この人はどうやら俺のことを気にいってるらしい。
だが、そのことで俺に恨みを抱いてるバカ者がいるとか、いないとか…。
全く、迷惑な話だ…。
「あれ、隣にいる人は石川さんだったよね? こんにちわ」
飯田さんがそう言うと、梨華はそっぽを向いてしまった。
実際、飯田さんが現れてから、梨華が俺の腕を握る力は強くなっている。
「おい、梨華。挨拶ぐらいしろよ」
「いいのよ、梅田君。私、嫌われちゃったのかな?」
「そんなことないっすよ。こいつ、恥ずかしがり屋なんで…」
「そう…、じゃあね、梅田君」
「じゃっ、失礼します」
そう言うと、俺達と飯田さんは別れた。
「おい、梨華?」
「……」
「おい?」
「……」
「いい加減にしないと怒るぞ!」
「だ、だって…」
「だって、なんだよ?」
「だ、だって、だって、だって、だって……りょうちゃんのバカっ!!!!」
そう言うと、梨華は走っていってしまった。
「……どうしたんだ、あいつ?」
俺はその時、まだ梨華の気持ちに気付いていなかった……。

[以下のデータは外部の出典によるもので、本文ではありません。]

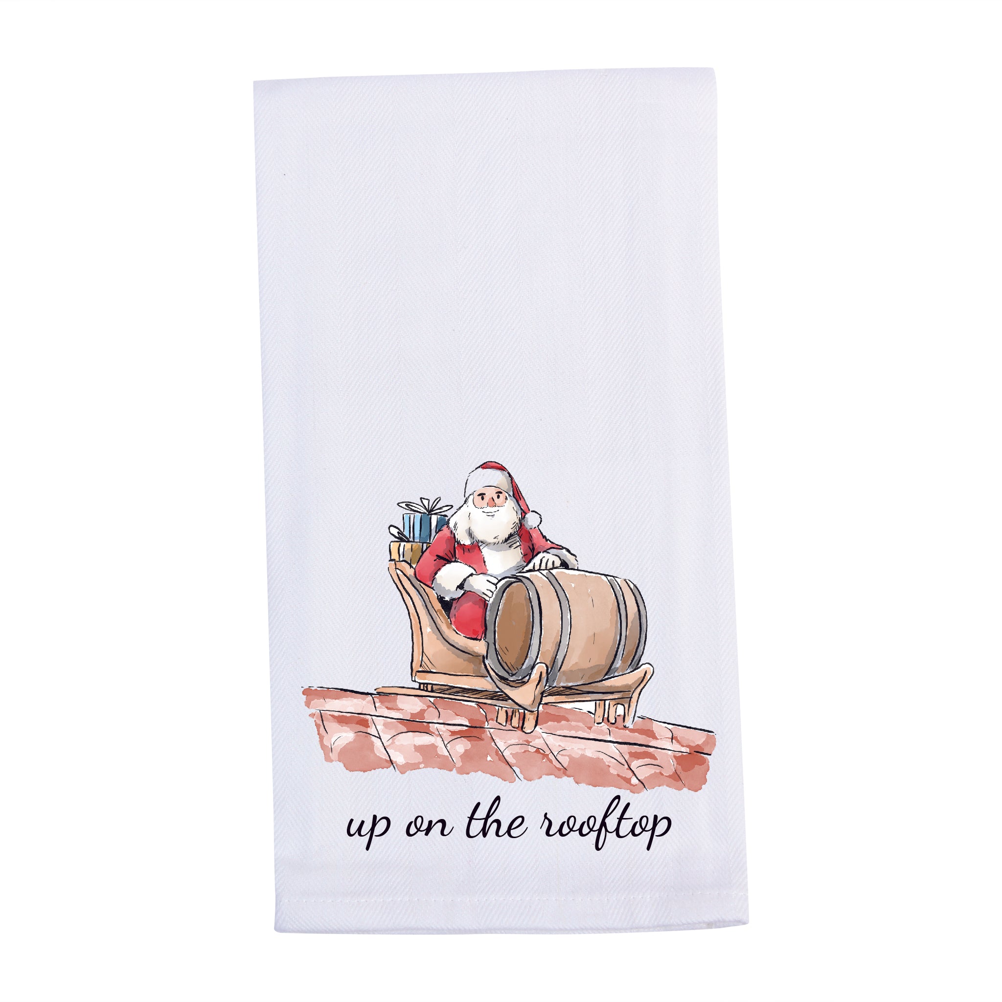 Bring holiday cheer with a twist of southern charm using the Up on the Rooftop Santa and Bourbon Christmas Tea Towel, featuring a festive illustration of Santa Claus perched atop a rooftop, holding a classic bourbon barrel. Perfect for bourbon lovers, holiday enthusiasts, and fans of unique Christmas décor, this tea towel adds a playful and spirited touch to your kitchen festivities.
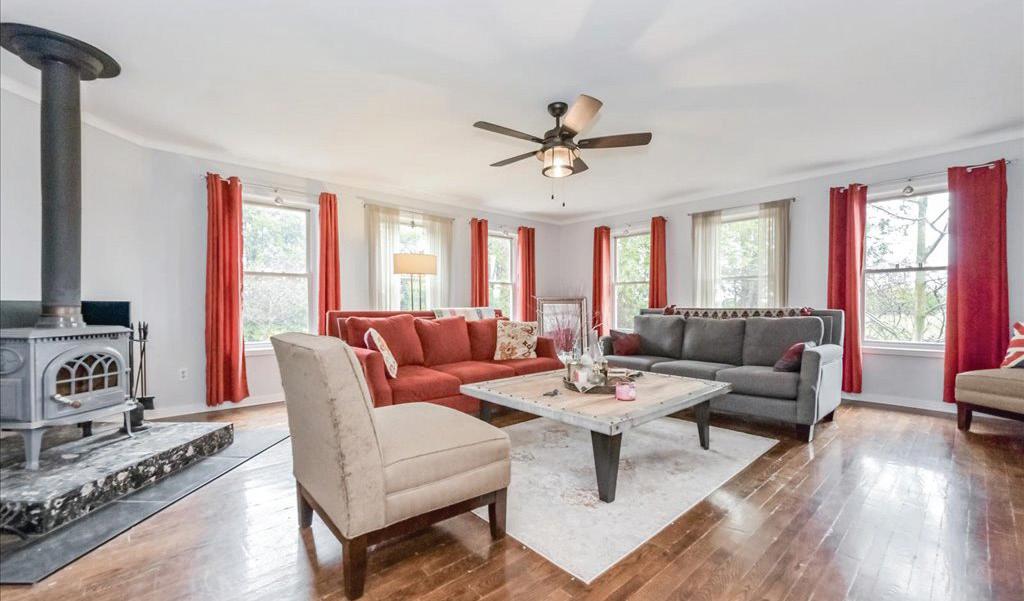 potential rental income & a Large Barn & Drive Shed that provides plenty of room for storage, equipment or hobbies. Inside, the open concept design includes expansive living areas, 11’ large bright windows that overlook the surrounding country side & a mix of 2 x 4 ceramic tiles & hardwood floors throughout. See our Virtual Tour at https://youtu.be/yrsmiYX_lqE.
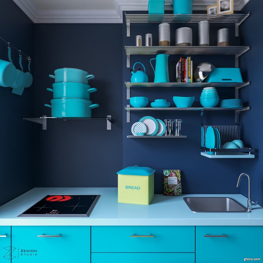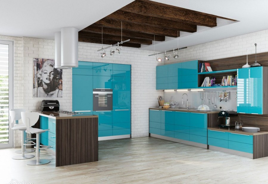 Кухня синяя бирюза
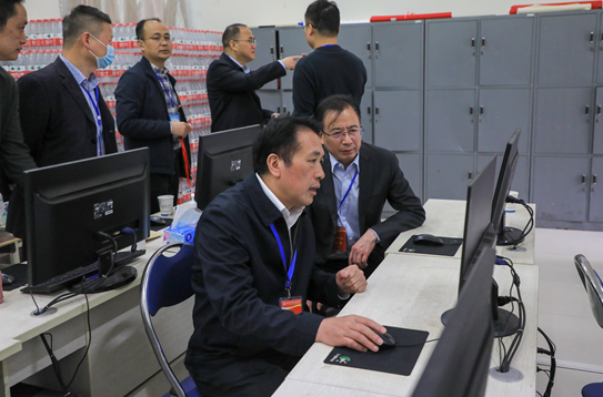 (铁科职院党委书记康月林,党委副书记、校长陈彬查看考场实时监控)
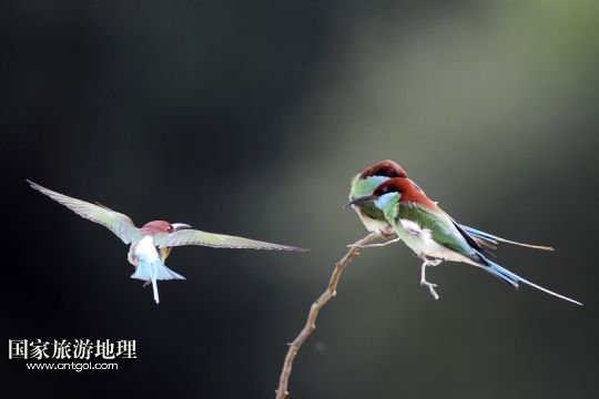 國家旅游地理 江西九江6月14日訊 6月14日,藍(lán)喉蜂虎在鄱陽湖畔的樹枝上休憩。進(jìn)入夏季以來,位于我國第一大淡水湖江西鄱陽湖畔的九江市廬山區(qū)姑塘鎮(zhèn)迎來了眾多美麗的小鳥藍(lán)喉蜂虎。
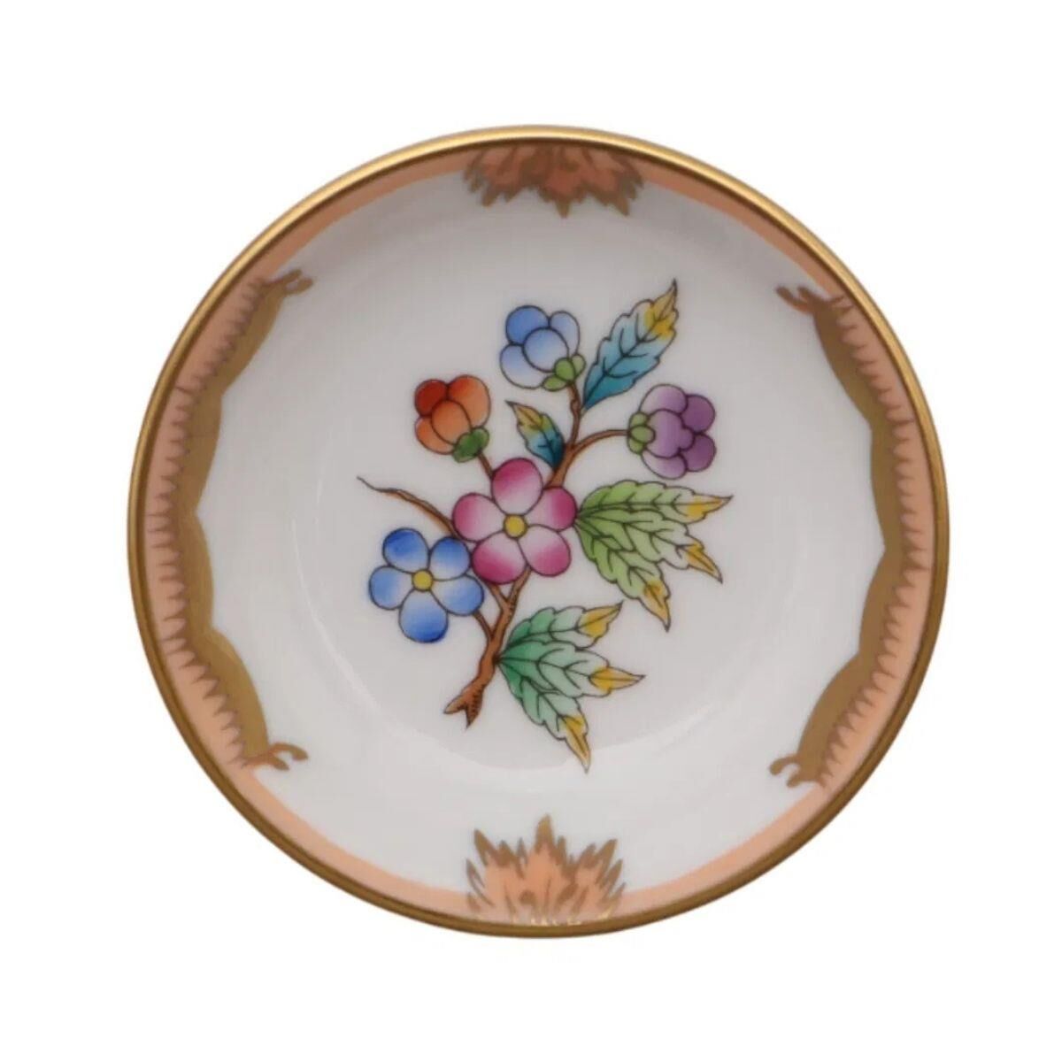Minik tabak, VICTORIA desen, birbirinden özel dekor ve desenlere sahip el boyaması Herend Porselen koleksiyonu ile sofralarınızı zenginleştirin. Bu minik çikolata, lokum tabaklarınızı, kahve ve çay servisinizde kullanabilirsiniz. Kahve yanına verilen bir lokum yada çay yanında bir kurabiye gibi porsiyonluk ikramlarla misafirlerinizi şaşırtın. Küçük tabağınızı takımlayabileceğiniz çay ve kahve fincanları küçük tepsiler, bölmeli servisler, katlı servisler, bardak altlıkları, çukur servisler, servis tepsileri, Herend desenli peçeteler, kaseler sunumlarınıza zenginlik katacaktır.

←気付けよっ!夕食の時間になっても、梨華は二階の自分の部屋にこもりっきりで降りてこなかった。
梨華の母である、裕子さんが、
「梨華、ご飯は?」
と聞いても、
「いらない、食べたくない…」
と言って、降りてこなかった。
「ほな、ごめんな、良君」
「いやいや、気にしないで下さい」
「あの子、どうかしたんやろか…?」
「……」
俺は、裕子さんの独り言に答える気になれなかった。
この人は、石川裕子さん(当然、旧姓は「中澤」だったりする…)。
梨華の母親である。
梨華の父親は、単身赴任で家にはいない。
だから、この家には、俺と梨華と裕子さんの3人しかいない。
で、なんで俺がこの家に住んでいるかというと、俺と梨華は元々は親戚だがなんだか良く憶えていないが、俺の母親が俺が3歳のとき、交通事故で他界。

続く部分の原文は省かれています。